Snow Bunting © Richard Steel

Snow Bunting © Richard Steel

Probably ten thousand or more Snow Buntings winter in Britain, mostly along the east coast and the highest hills, but few of them make it to Cheshire and Wirral (BTO Winter Atlas). The numbers vary greatly from one year to another. Its rarity and unpredictability, together with the attractiveness of the species make this a bird that is much sought after to brighten a winter’s day.

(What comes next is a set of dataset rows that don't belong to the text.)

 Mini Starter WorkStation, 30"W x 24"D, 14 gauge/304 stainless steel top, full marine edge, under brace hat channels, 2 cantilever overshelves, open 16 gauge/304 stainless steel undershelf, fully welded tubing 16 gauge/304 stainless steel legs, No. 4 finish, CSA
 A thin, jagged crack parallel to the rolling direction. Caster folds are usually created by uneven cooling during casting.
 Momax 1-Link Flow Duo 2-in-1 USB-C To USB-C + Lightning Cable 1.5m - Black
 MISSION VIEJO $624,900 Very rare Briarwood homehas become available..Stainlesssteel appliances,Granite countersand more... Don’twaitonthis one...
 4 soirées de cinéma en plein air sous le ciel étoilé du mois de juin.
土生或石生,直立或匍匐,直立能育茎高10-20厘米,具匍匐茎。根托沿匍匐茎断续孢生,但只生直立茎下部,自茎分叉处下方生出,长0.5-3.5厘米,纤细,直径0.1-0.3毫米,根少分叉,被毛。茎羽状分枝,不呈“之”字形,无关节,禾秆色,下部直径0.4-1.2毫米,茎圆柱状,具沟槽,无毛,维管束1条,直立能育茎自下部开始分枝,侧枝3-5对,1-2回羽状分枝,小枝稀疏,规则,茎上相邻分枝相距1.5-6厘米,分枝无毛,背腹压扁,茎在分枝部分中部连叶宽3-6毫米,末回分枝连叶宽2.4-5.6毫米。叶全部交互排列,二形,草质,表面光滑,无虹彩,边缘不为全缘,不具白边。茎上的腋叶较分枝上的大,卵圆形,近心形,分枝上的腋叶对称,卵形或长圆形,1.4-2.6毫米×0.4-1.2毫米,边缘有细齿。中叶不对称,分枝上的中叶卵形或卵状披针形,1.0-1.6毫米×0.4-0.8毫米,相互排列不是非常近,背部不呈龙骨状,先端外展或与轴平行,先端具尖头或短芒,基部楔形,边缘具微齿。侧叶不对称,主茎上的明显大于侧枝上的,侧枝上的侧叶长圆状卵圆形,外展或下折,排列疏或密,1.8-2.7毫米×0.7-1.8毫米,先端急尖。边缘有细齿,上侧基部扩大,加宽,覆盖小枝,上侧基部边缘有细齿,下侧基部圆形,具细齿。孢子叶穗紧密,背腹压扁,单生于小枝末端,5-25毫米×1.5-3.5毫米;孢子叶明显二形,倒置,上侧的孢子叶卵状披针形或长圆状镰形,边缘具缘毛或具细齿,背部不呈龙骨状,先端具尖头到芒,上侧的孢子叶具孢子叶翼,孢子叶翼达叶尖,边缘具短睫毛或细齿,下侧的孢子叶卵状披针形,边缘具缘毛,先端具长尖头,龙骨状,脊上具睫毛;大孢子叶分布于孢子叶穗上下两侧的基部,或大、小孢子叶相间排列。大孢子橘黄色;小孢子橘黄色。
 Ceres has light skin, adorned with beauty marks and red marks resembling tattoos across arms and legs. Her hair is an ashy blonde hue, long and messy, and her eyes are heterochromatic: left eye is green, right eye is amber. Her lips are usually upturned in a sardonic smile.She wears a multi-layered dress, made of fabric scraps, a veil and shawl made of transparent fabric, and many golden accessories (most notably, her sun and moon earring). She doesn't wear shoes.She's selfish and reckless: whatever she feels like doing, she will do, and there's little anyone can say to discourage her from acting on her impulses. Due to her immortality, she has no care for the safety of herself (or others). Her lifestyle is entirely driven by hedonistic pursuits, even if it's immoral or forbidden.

They have, however, become distinctly scarcer in recent years, perhaps because of the warming climate.

Snow Buntings have a circumpolar breeding range on the Arctic tundra, with another race (insulae), darker and more sedentary, breeding in Iceland and the Scottish mountains: both races winter here, with the birds of the nominate race thought to be from Scandinavia and Greenland. Most of those wintering in England are females and first-year birds (Brown & Grice 2005), males tending to winter farther north, closer to or even on their breeding territories; within Britain, males and adults are likely to winter in montane sites rather than the coast (Migration Atlas). As a bird of short, open vegetation, feeding by picking seeds from the ground or low creeping plants, Snow Buntings frequent two habitats, at the lowest and highest altitudes. They particularly favour sandy shores with a carpet of dune colonising plants or the lower levels of saltmarshes. In upland areas the main diet is probably seeds of rushes juncus, although they will take seeds from moor grasses and heather. They also take invertebrates when they can, especially sandhoppers on the shore.

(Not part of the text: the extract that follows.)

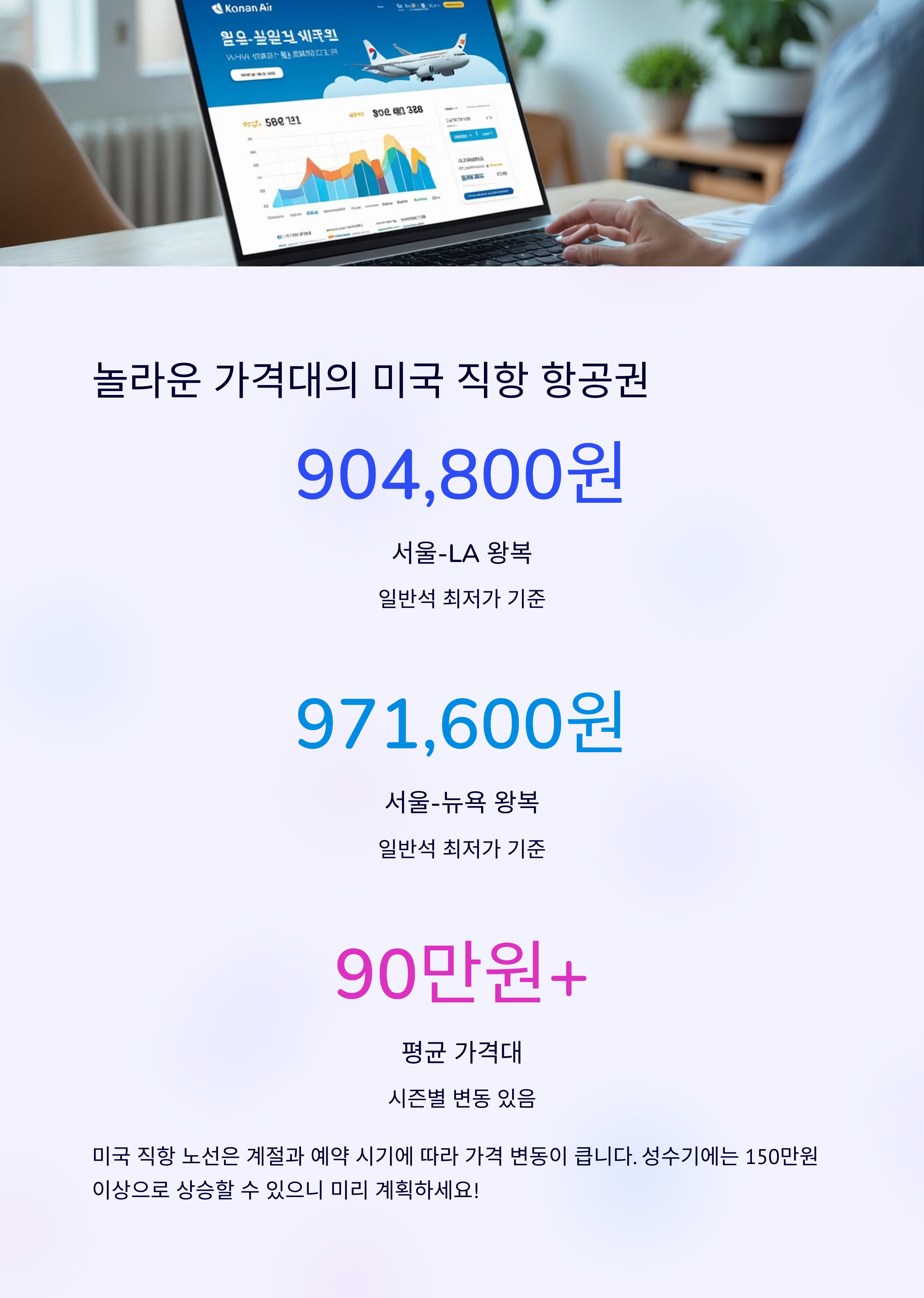 서울-로스앤젤레스 최저가는 90만 원 대부터 시작하며, 서울-뉴욕 노선 역시 약 97만 원에 예약 가능합니다.

The records during this winter Atlas were typical of recent years, with birds in five tetrads in 2004/ 05, in three tetrads during 2005/ 06, and three tetrads in 2006/ 07. Hilbre Island (SJ18Z) had one bird in each winter, and birds were in West Kirby (SJ28D) in 2004/ 05 and 2006/ 07. All of the Atlas records were of single birds apart from a group of five at Red Rocks (SJ28E). The bird seen by John Oxenham on 3 December 2004 at Birchenough Hill (SJ96Z), 450 m above sea level, was the first in the hills since one in 2001/ 02.

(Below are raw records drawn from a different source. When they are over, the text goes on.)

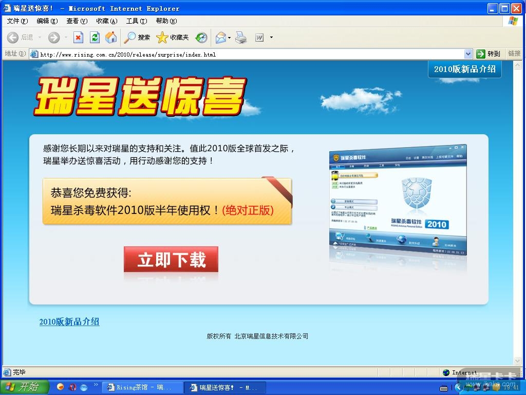 瑞星2010版隆重上市,免费用半年。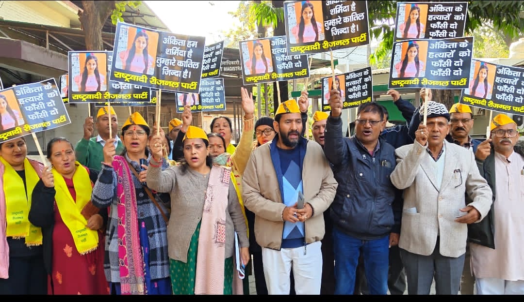 देहरादून, उत्तराखंड के बहुचर्चित अंकिता भंडारी हत्याकांड में हाल ही में सामने आए नए खुलासों और वायरल ऑडियो-वीडियो के मद्देनजर राष्ट्रवादी रीजनल पार्टी ने मामले की सीबीआई जांच तथा एसआईटी जांच को दोबारा शुरू करने की मांग को और तेज कर दिया है। पार्टी की प्रदेश अध्यक्ष सुलोचना ईष्टवाल के नेतृत्व में कार्यकर्ताओं ने आज जिलाधिकारी कार्यालय के समक्ष जोरदार प्रदर्शन किया और नारेबाजी की।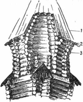 [Закрыть] образовывали соответствующий угол, необходимый для арки. Арка из бивней мамонта была надежной опорой для кровли и дверного устройства. Арочный каркас жилища, устроенный из костей мамонта, удерживал кровлю весом 2—3 т. Правда, в некоторых жилищах крыша опиралась еще и на дополнительные подпоры, но все же основную нагрузку несли арки.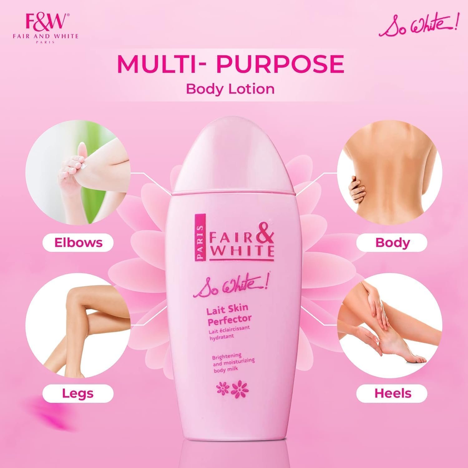 - FAIR & WHITE SO WHITE: It has been designed for today’s modern young women wanting to pamper and rejuvenate their skin. With its bright pink, feminine packaging, So White! skincare fulfills every woman’s wish. With a wide range of face and body skincare that holds a sweet and delectable scent, So White! delicately smoothes skins texture, enhancing skins radiance.

The coast and the Dee estuary have always attracted the species: Coward (1910) described it as ‘a fairly regular winter visitor to the coast’. In more recent times, the county bird reports since 1959 show Snow Buntings in the county in every winter apart from 1994/ 95, mainly at coastal sites. Leasowe Sandhills (SJ29R) used regularly to hold flocks of 20-40 birds, with a maximum of 70, but was lost to development in the early 1970s and since 1972 there have only been two winters with double figure flocks along the north Wirral shore. As during this winter Atlas, Hilbre has been the most reliable site for the species, with single birds in many years but flocks of ten or more in nine winters in the period 1961-2006, most recently in 1998. Along the Mersey small numbers were recorded sporadically in winter until 1982, but there have only been isolated winter records since. In the eastern hills, birds used to be regular, perhaps even annual, until 1934 but records then almost ceased and they are much scarcer now. Since 1961 there have been records in eight years, all on single dates in November and December and mostly of lone birds apart from parties of five on 8 December 1981 and nine on 23 November 1988, both on the slopes of Shutlingsloe (SJ96U). There have been occasional odd birds in the Cheshire Plain, but only six records of single birds in the last fifty years.